═══ RECORD EXTRACTS
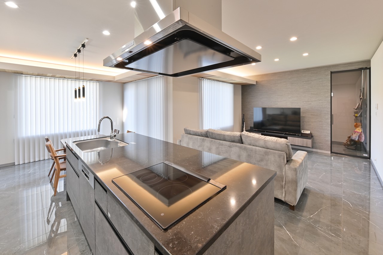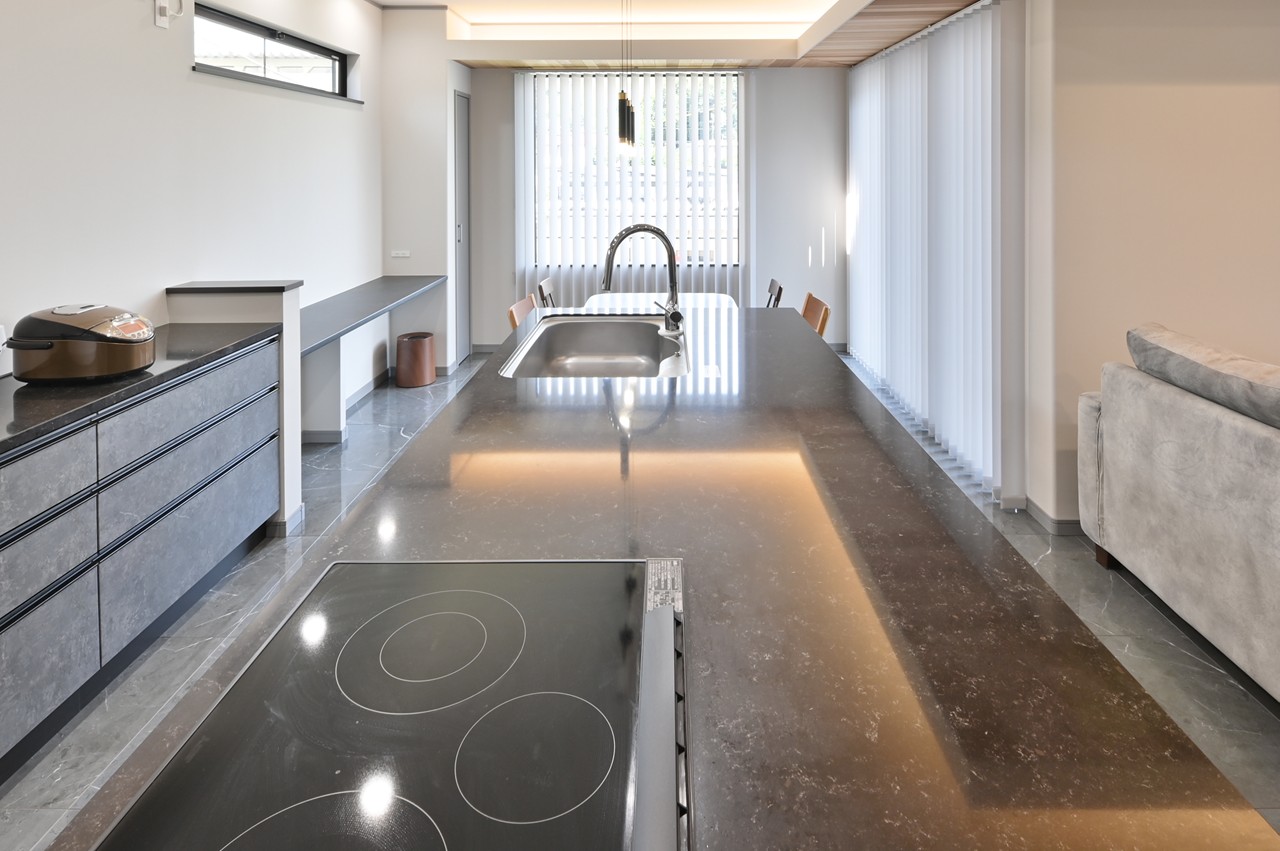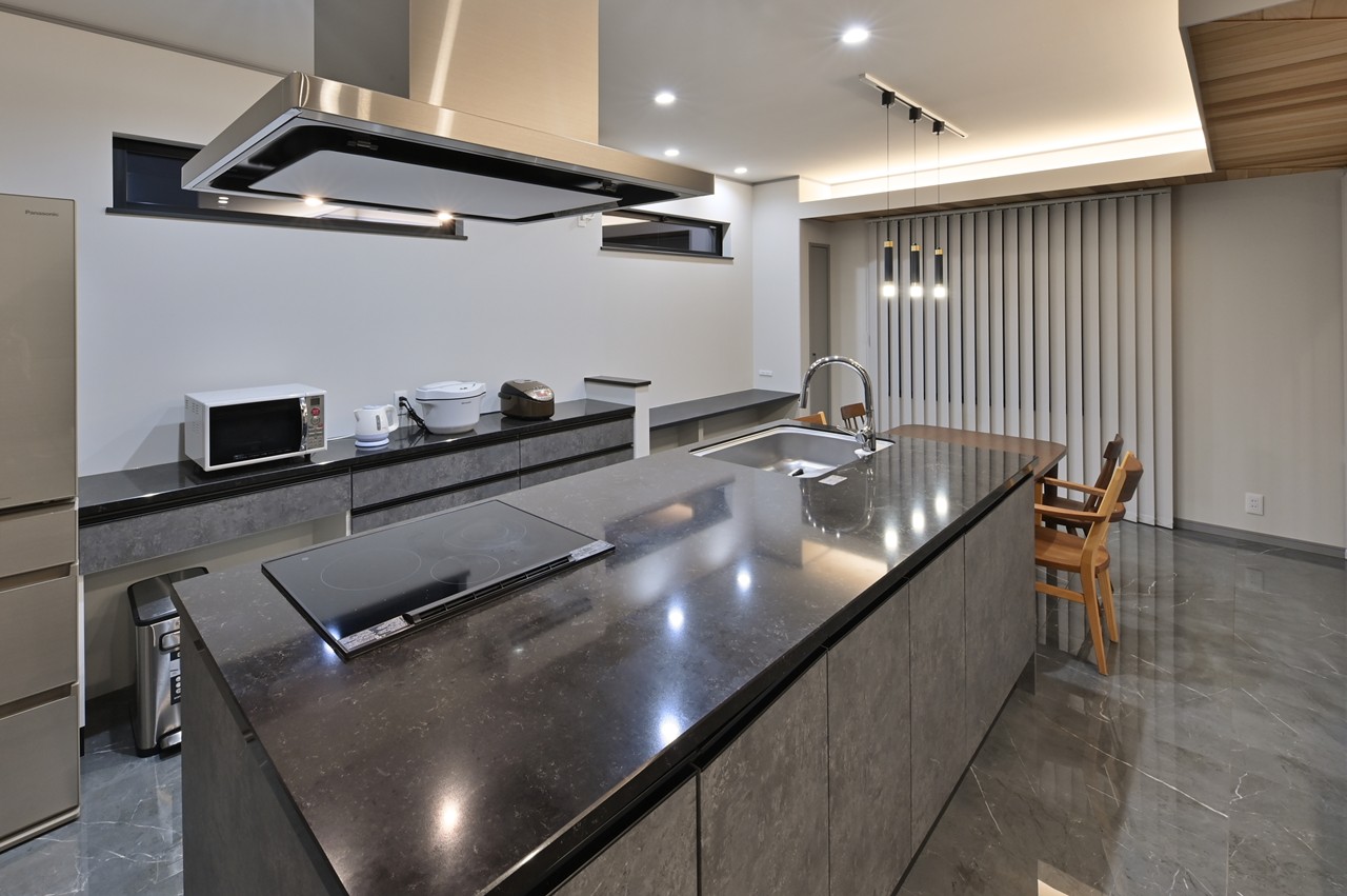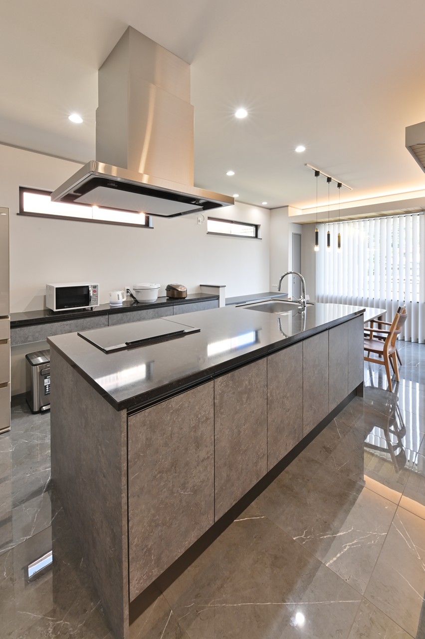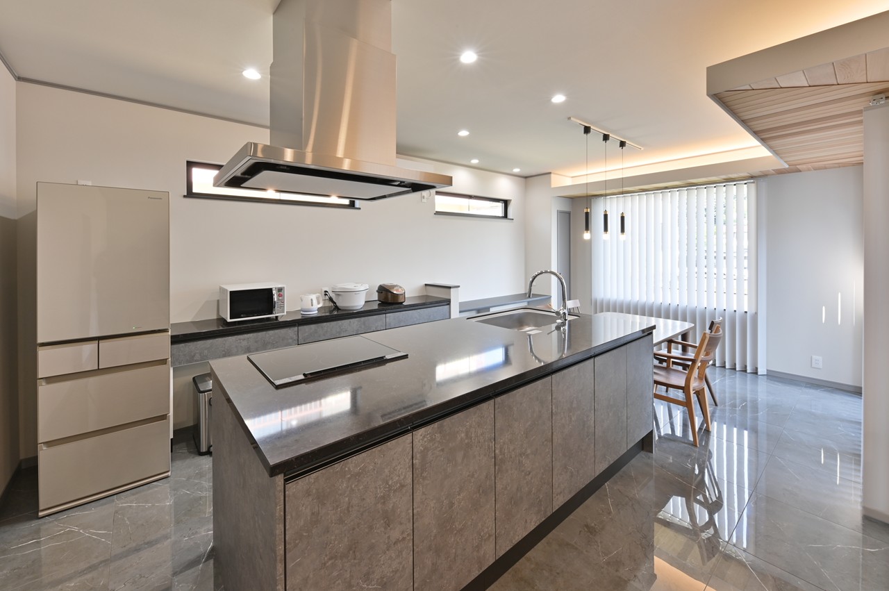 まるでショールームのようなアイランドキッチンに思わず見とれ、引き込まれてしまいます。
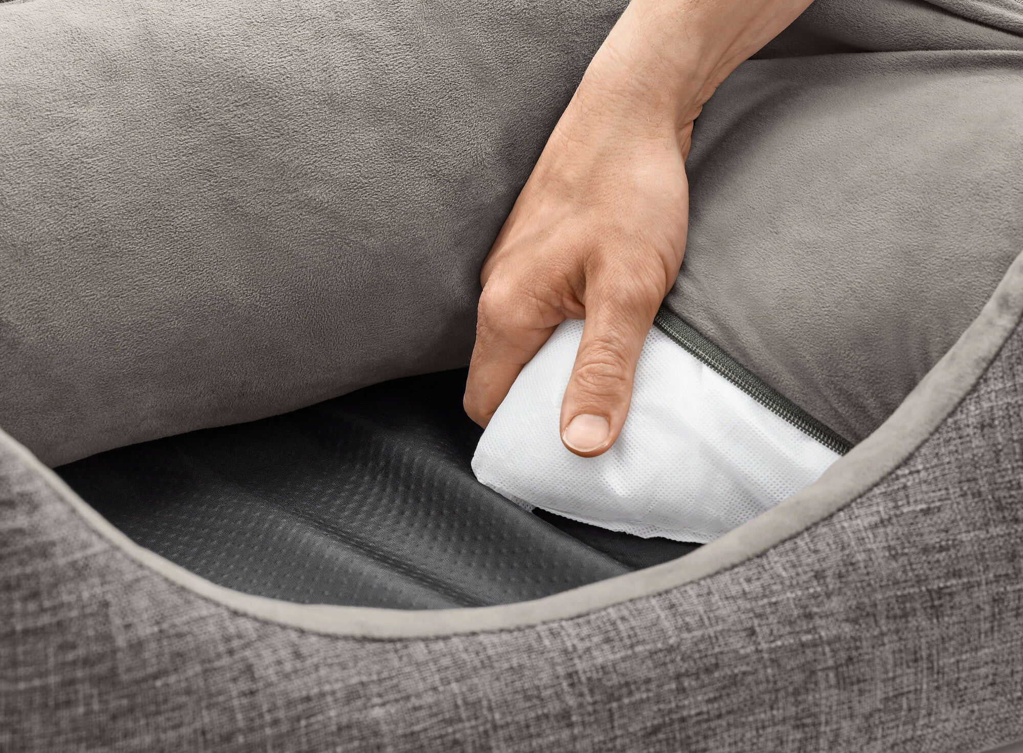 Grâce à son matelas en mousse à mémoire de forme qui soulage les points de pression, il offre un endroit idéal pour se reposer. La colonne vertébrale et les articulations sont soutenues de manière optimale et les douleurs peuvent être soulagées. Un bord surélevé offre au chien un endroit confortable pour poser sa tête. Des picots antidérapants au sol empêche le panier de glisser lorsque le chien s'y installe ou en sort.
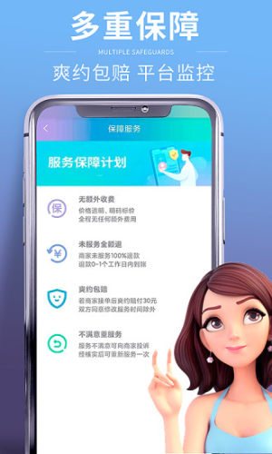 通过平台监控、自营技师,为用户提供优质的服务,努力成为国内最大的在线预约、生活服务平台。
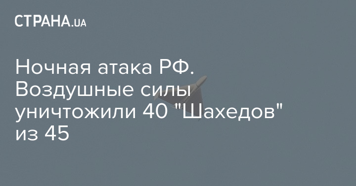 Сегодня ночью россияне нанесли удар 45-ю ударными БПЛА типа "Shahed-136/131". Силами ПВО были уничтожены 40 беспилотников.
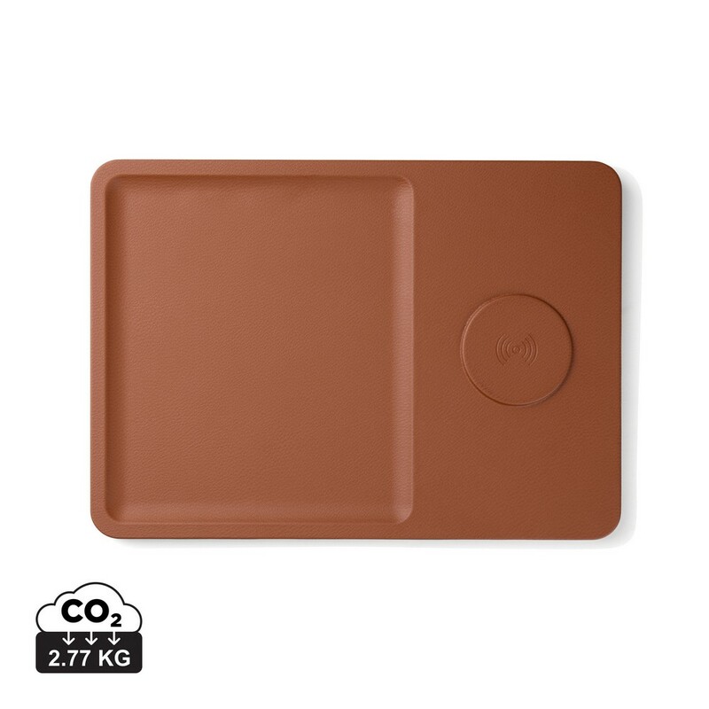 Ładowarka bezprzewodowa 15W, organizer na drobne akcesoria, wejście USB-C 9V/2A, działa z telefonami posiadającymi możliwość ładowania indukcyjnego, wykonana z materiałów z recyklingu, całkowita zawartość materiałów z recyklingu obliczona na podstawie wagi całkowitej przedmiotu: 51%
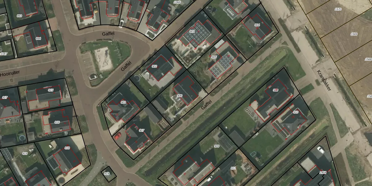 Het perceel waarop Gaffel 17 staat heeft een oppervlakte van 462 m². Dit is een groot perceel. De perceeloppervlakte wordt geregistreerd door het Kadaster. Gedetailleerde informatie over de maten van dit perceel kunt u vinden in het rapport Kadastrale kaart met maatvoering van Gaffel 17.
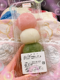 こんばんは!りおです😌 この前いただいた 三色団子🍡 大きいwww 1番下がヨモギだた🥹 三色団子団子て春だよねぇ🥹
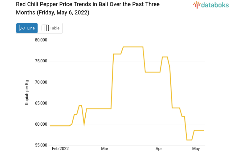 The price of curly red chilies in Bali increased by 4.09% over the past week.
══════
Write out the records once more, word for word, though without the pictures they contain.

 まるでショールームのようなアイランドキッチンに思わず見とれ、引き込まれてしまいます。
 Grâce à son matelas en mousse à mémoire de forme qui soulage les points de pression, il offre un endroit idéal pour se reposer. La colonne vertébrale et les articulations sont soutenues de manière optimale et les douleurs peuvent être soulagées. Un bord surélevé offre au chien un endroit confortable pour poser sa tête. Des picots antidérapants au sol empêche le panier de glisser lorsque le chien s'y installe ou en sort.
 通过平台监控、自营技师,为用户提供优质的服务,努力成为国内最大的在线预约、生活服务平台。
 Сегодня ночью россияне нанесли удар 45-ю ударными БПЛА типа "Shahed-136/131". Силами ПВО были уничтожены 40 беспилотников.
 Ładowarka bezprzewodowa 15W, organizer na drobne akcesoria, wejście USB-C 9V/2A, działa z telefonami posiadającymi możliwość ładowania indukcyjnego, wykonana z materiałów z recyklingu, całkowita zawartość materiałów z recyklingu obliczona na podstawie wagi całkowitej przedmiotu: 51%
 Het perceel waarop Gaffel 17 staat heeft een oppervlakte van 462 m². Dit is een groot perceel. De perceeloppervlakte wordt geregistreerd door het Kadaster. Gedetailleerde informatie over de maten van dit perceel kunt u vinden in het rapport Kadastrale kaart met maatvoering van Gaffel 17.
 こんばんは!りおです😌 この前いただいた 三色団子🍡 大きいwww 1番下がヨモギだた🥹 三色団子団子て春だよねぇ🥹
 The price of curly red chilies in Bali increased by 4.09% over the past week.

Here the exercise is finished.